### Work order
Starting with the line that holds "is hiding. |" and stopping after the line that holds "Luego, un error", repeat the lines below word for word, without the pictures.

### Excerpted records

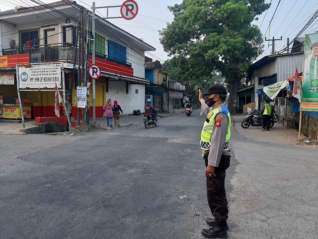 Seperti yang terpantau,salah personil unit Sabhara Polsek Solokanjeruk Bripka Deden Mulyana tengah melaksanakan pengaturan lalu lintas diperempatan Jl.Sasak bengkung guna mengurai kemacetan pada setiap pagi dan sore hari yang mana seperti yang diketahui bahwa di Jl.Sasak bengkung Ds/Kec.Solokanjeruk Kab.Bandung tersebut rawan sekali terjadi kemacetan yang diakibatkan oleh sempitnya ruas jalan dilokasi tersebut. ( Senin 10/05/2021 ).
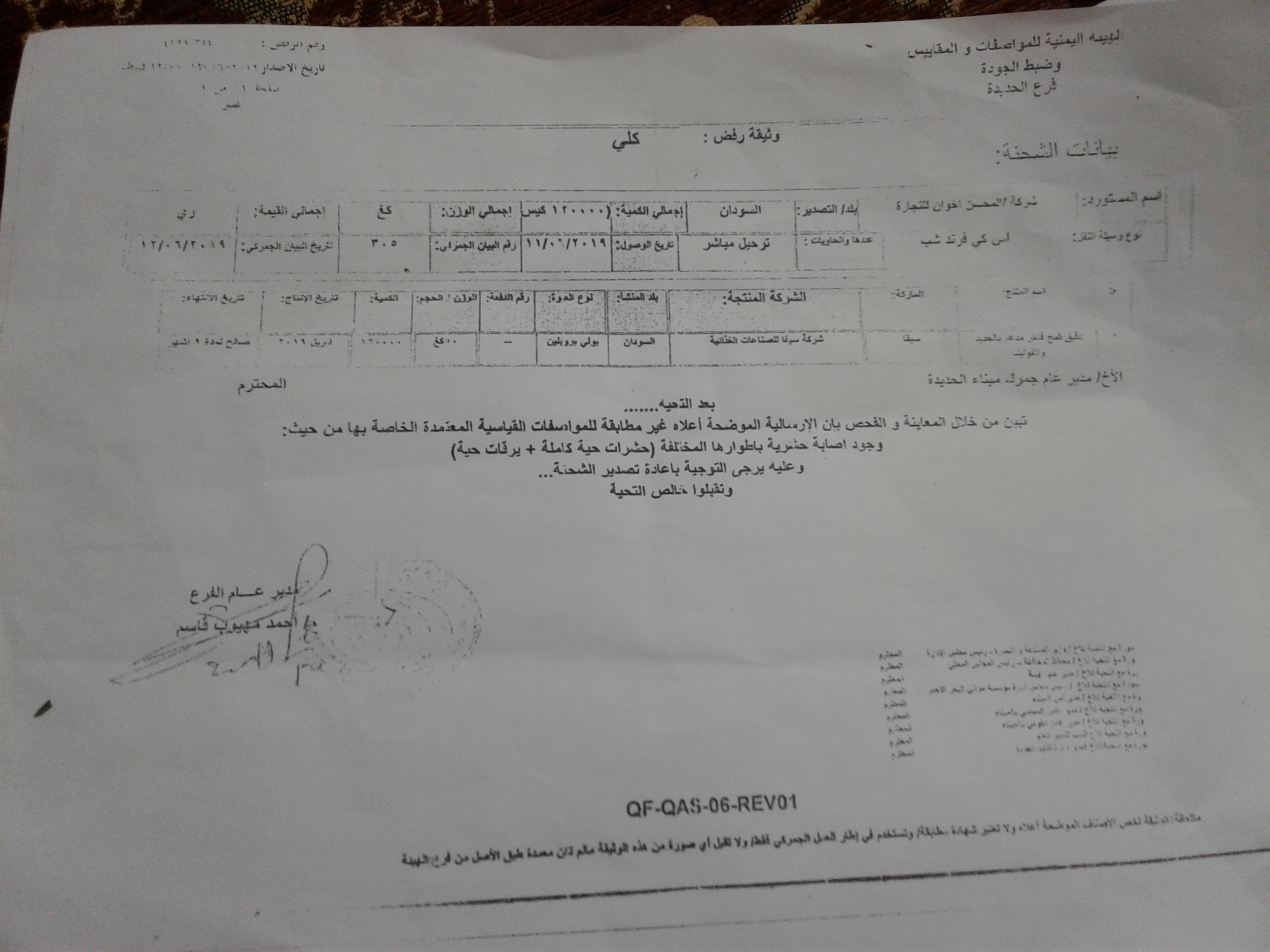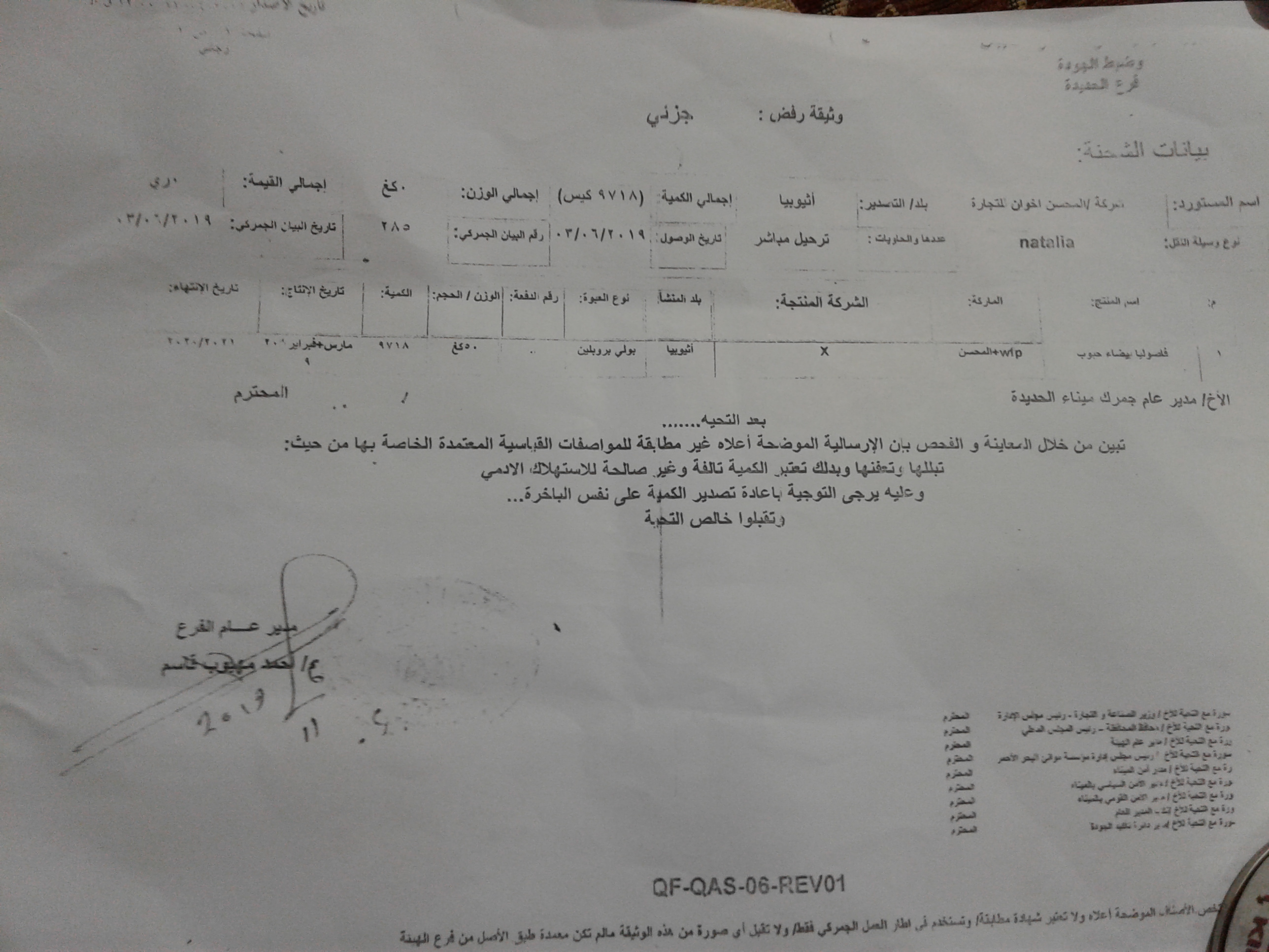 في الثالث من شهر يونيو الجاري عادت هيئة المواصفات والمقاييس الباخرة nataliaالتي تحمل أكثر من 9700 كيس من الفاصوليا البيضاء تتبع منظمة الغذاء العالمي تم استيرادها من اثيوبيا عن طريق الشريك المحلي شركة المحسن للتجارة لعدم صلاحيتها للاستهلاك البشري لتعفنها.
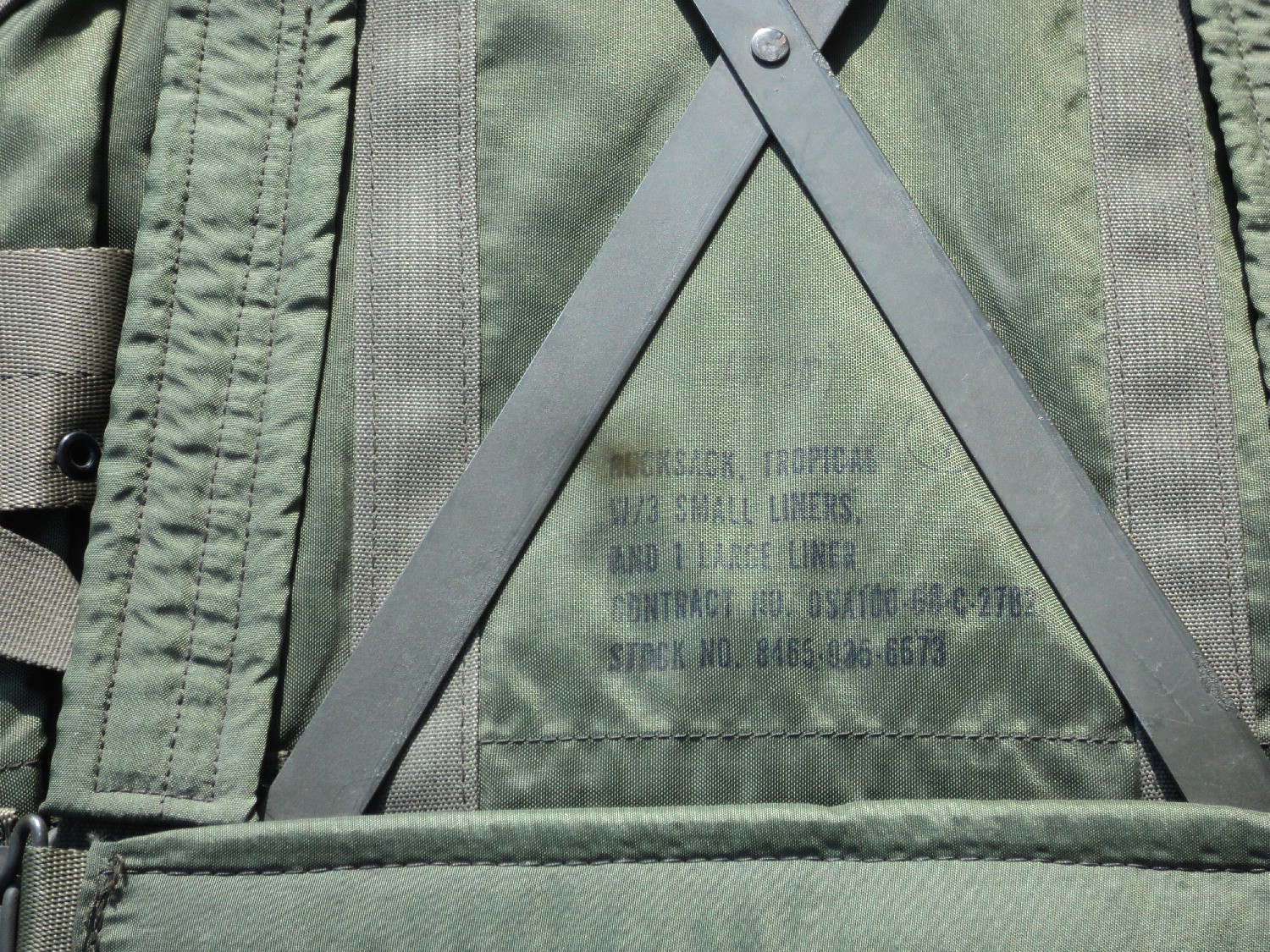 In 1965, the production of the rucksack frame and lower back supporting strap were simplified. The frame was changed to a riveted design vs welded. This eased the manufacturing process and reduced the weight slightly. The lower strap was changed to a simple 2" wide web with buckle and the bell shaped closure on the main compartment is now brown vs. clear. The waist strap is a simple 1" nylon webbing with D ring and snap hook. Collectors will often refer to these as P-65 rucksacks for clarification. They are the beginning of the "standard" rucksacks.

---

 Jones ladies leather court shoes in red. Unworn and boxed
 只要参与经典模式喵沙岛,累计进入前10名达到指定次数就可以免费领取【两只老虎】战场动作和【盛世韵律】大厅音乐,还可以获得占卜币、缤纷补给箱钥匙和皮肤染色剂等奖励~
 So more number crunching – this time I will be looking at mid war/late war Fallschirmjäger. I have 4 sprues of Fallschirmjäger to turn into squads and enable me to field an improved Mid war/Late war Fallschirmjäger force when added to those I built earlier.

==

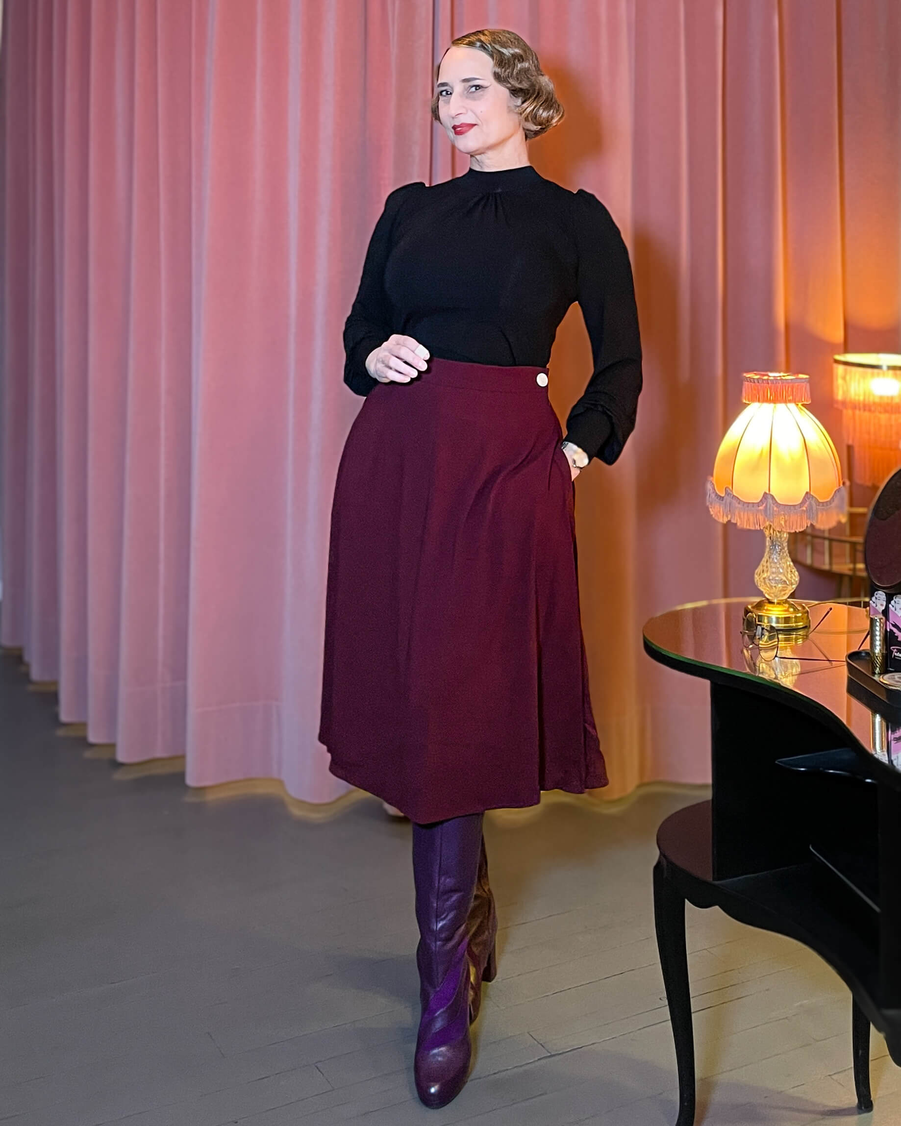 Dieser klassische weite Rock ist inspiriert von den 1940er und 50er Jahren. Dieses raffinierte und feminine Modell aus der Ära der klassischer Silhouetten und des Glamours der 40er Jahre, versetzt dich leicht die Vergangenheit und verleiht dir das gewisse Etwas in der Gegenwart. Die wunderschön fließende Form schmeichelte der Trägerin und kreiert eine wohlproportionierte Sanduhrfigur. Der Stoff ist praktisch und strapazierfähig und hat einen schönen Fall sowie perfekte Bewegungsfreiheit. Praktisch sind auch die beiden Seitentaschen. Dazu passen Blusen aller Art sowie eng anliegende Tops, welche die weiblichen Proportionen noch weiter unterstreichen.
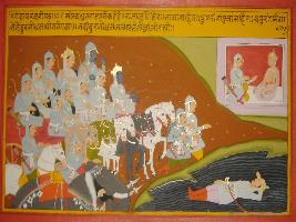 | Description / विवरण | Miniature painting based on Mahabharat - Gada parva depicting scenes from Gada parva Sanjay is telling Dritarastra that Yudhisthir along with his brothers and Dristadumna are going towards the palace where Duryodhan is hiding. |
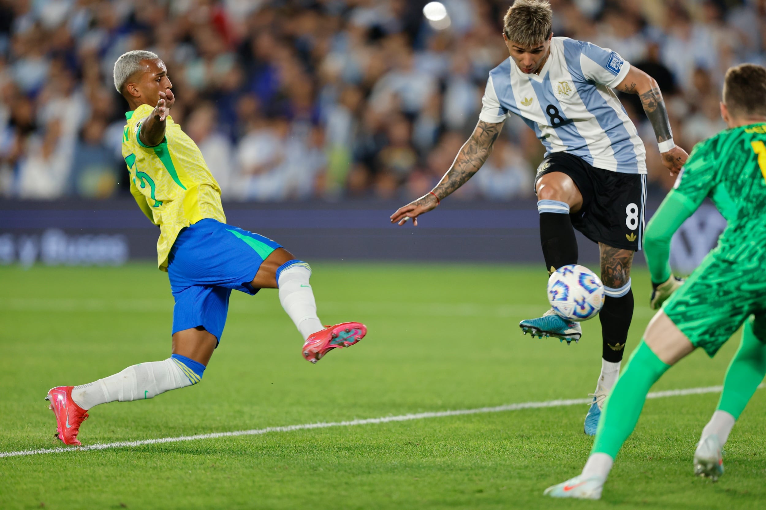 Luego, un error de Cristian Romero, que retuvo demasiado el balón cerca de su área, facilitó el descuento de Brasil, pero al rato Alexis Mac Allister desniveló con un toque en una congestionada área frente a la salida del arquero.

### Exercise response
 | Description / विवरण | Miniature painting based on Mahabharat - Gada parva depicting scenes from Gada parva Sanjay is telling Dritarastra that Yudhisthir along with his brothers and Dristadumna are going towards the palace where Duryodhan is hiding. |
 Luego, un error de Cristian Romero, que retuvo demasiado el balón cerca de su área, facilitó el descuento de Brasil, pero al rato Alexis Mac Allister desniveló con un toque en una congestionada área frente a la salida del arquero.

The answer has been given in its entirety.